Is it just me, or has any other individual found, sadly, that the standard systems of ‘cheerful considerations’ haven’t been showing their cravings?
What’s more, for those of you who’ve found that to be the situation, a) I’m so grieved and b) have any of you likewise found that there was a period (or three or nine) where you showed a craving utilizing unadulterated fury as the business as usual – maybe without acknowledging it at that point? Think back….
Gracious please! Without a doubt I can’t be the one to focus on?
Doesn’t it just contradict ordinary ‘positive reasoning’ lessons?
Indeed. Indeed, it does.
So what gives – and where do individuals like me (‘us’?) fit into the more prominent plan of New Age ways of thinking in this ‘showing wants’ business?
I have positively no clue and no replies, however I can describe no less than four events where, looking back and thinking back over old diary passages, unadulterated fury fuelled the focal point of my longings and they showed inside only weeks – and once, that I can review, immediately.
Notwithstanding, the occasions where I’ve endeavored to use one or other New Age technique, I’ve felt extremely particular, inner, ‘gracious get genuine, will you!’ energies, and it rather should be obvious that nothing occurred.
No, I haven’t won a lottery (at this point *grin*), yet an ex accomplice, struck by these ‘phenomenal’ signs, asked me to go after a lottery win. Obviously, at that point, neither of us thought to consider what was supporting them up; we’d only thought back over my diary sections, saw what I’d recorded, wondered about how every one showed in minute detail so rapidly (inside half a month – the longest required a month and a half), and expected that all I needed to do was work out what I needed – and – hello, voila!

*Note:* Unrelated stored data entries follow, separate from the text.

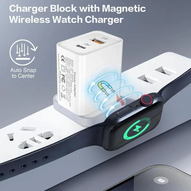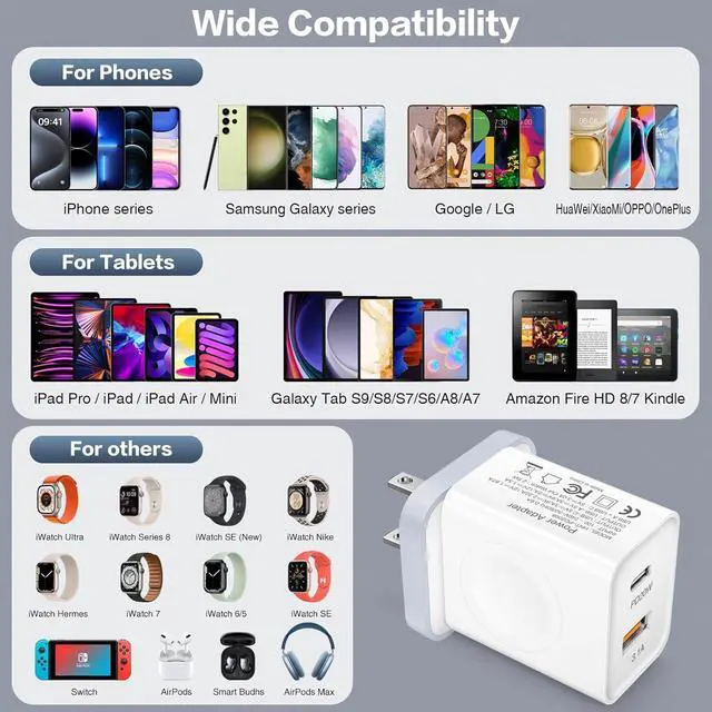 (Note: If 2 ports are used at the same time the output of each port will not be greater than 5V/2A single port will offer faster charging speed)3-in-1 Portable USB C Wall Charger Portable Dual Port PD Wall Brick consists of a USB-C port a USB-A port and wireless A-pple Watch Charging coils allows you to easily charge different devices simultaneously free from confusion and take little space for carry it! Wide Compatibility USB C Charger with dual port and wireless charger charger brick compatible with iPhone 15 14 13 12 11 Pro/Pro Max/Mini/X/8 for and Android tablets. wireless charger for A-pple Watch series. you can charge for 3 devices simultaneously. Compact & Safety ProtectionUSB Charger Block with smart chip avoid over-charge over-current over-voltage and over-heating Intelligent protect your devices. If you you have any problems or questions we will help you in 24hrs.
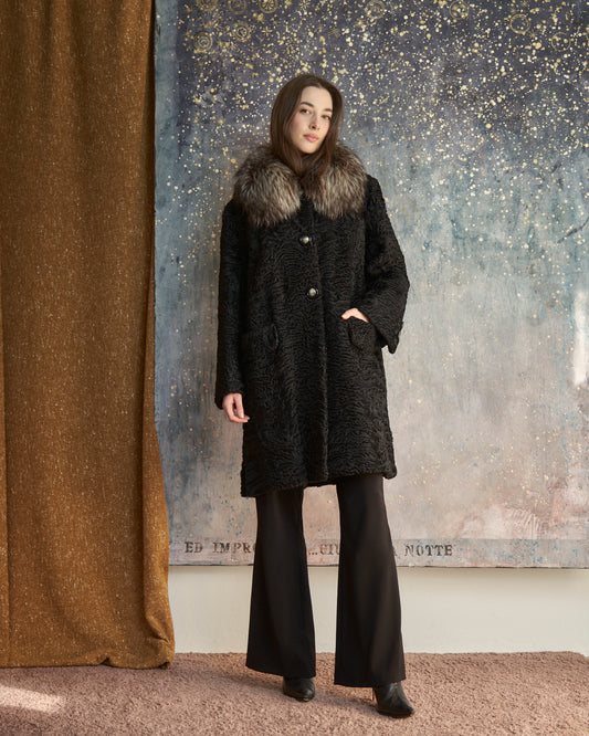 Pelliccia anni 60 astrakan e collo in volpe con doppio spacco dietro
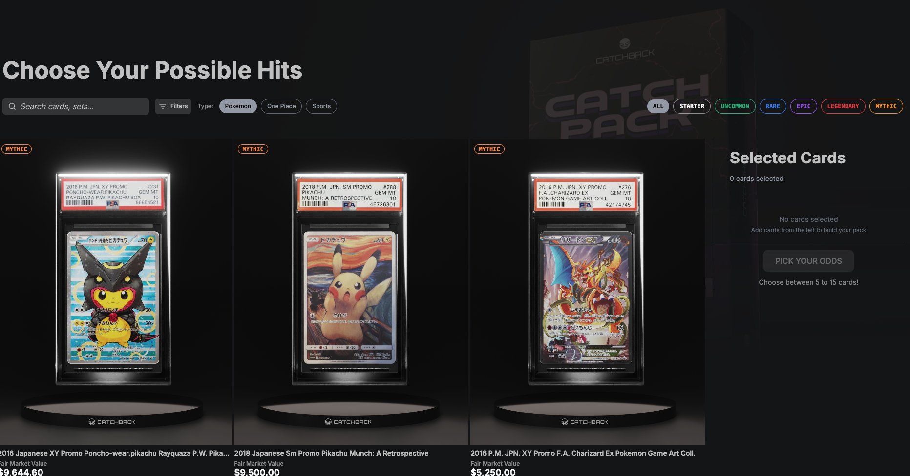 TL;DR: CatchBack Cards, is an iOS and web platform for maximizing the thrill of collecting Pokemon and Sports cards. They allow collectors to create custom mystery packs with personalized chases and customized odds with cryptographically trusted tooling. Users can rip open digital packs and get physical cards shipped to them, receive buyback offers on cards pulled from their mystery packs sent straight to Venmo and PayPal, and buy/sell cards in their $1 marketplace.
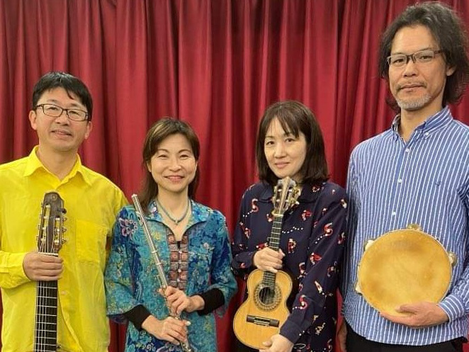 Flor de Juazeiro (フロール・ヂ・ジュアゼイロ)<NORDESTE> 9/28(日) 20:00〜20:45 バオバブ ●リコ(ヴォーカル)/ カルロス(ヴォーカル&トライアングル)/ マリーナ(ギター&カヴァキーニョ)/ みっちゃん(サンフォーナ)/ ちーちゃん(ザブンバ) ゲスト:三間大輔(パーカッション) |
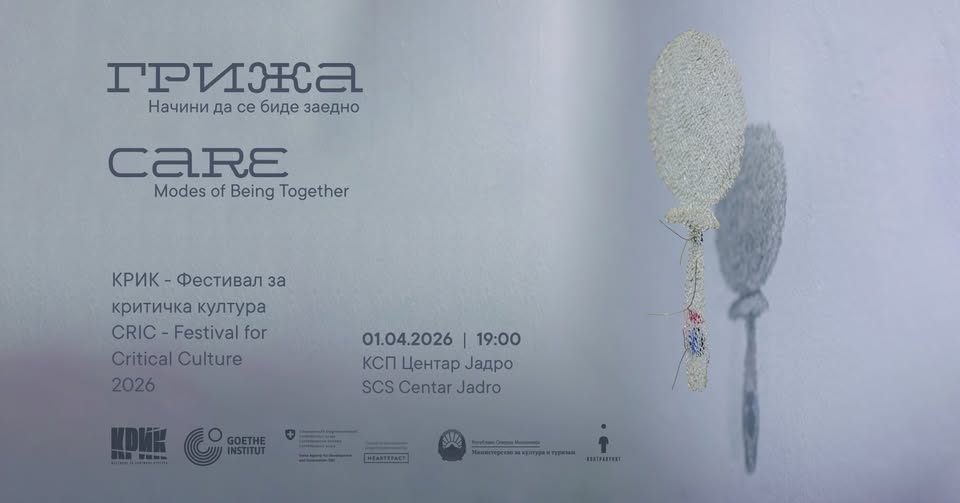 Денес, први април, со почеток од 19:00 часот, во КСП Центар – Јадро, ќе започне фестивалот за критичка култура 2026 – КРИК во релација со овогодинешната тема „Грижа: начини да се биде заедно“.
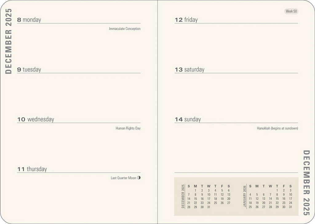 Weekly pages provide a 2-page spread with equal space for all 7 days.
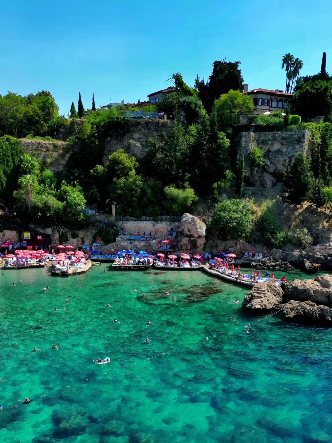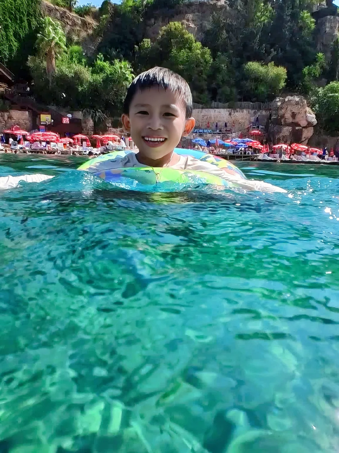 🎈计划来土耳其安塔利亚玩的家人们,强烈推荐这个海滩,就在古城边上的悬崖下,清澈见底的玻璃海,美到让人窒息,关键还可以遛娃啊哈哈哈!😍

Ex-accomplice was somewhat of a soothsaying wizz thus took out his trusty Ephemeris one day (before we had a pc), wondering for no specific reason, to check planetary viewpoints against my natal diagram on the dates I’d composed the passages (I as a rule put the date and time before every section). There was one viewpoint that appeared to be available in each occasion (I don’t recollect what it was currently), yet when he estimate the following ‘positive’ angle and requested that I rehash it, this time for a lottery win – all things considered, no prizes for speculating that it essentially didn’t work (joke expected).
The issue was that neither of us thought to consider my enthusiastic state in those examples; it was outrage, increased to the mark of fury. Ideal planetary setups or not, in the event that the fury isn’t there, and assuming it doesn’t coordinate with the craving, nothing will occur.
We were monetarily agreeable at that point, so even had I known about outrage being my ‘enchantment wand’, I’d not have had the option to conjure it, regardless. I basically should feel unadulterated fury for wants to show, it appears. That is fine when it’s unconstrained and very genuine, however have you at any point had a go at constraining yourself to feel genuine, authentic, true blue fury?
So what do I mean by ‘match the journal notebook craving’? Basically, feeling infuriated over a genuine and current situation that I request be changed to a more helpful one. Or then again, having a so exhausted outlook on something that I become totally irritated and request its inverse – recorded as a hard copy – and in minute detail.
For my purposes, there’s little point in craving something that has literally nothing to do with what I’m having an irritated outlook on – for instance – outrage at somebody after a contention – versus needing to move to an alternate area. It doesn’t work that way for me. In the event that I’m furious with somebody, then, at that point, the emphasis would be on a quiet goal (unexpected, when it’s fuelled by rage!). Moreover, assuming I need to move to another area – unadulterated fury over the current area.
And afterward I get my diary and compose, compose, compose! Not ‘satisfies’, yet requests.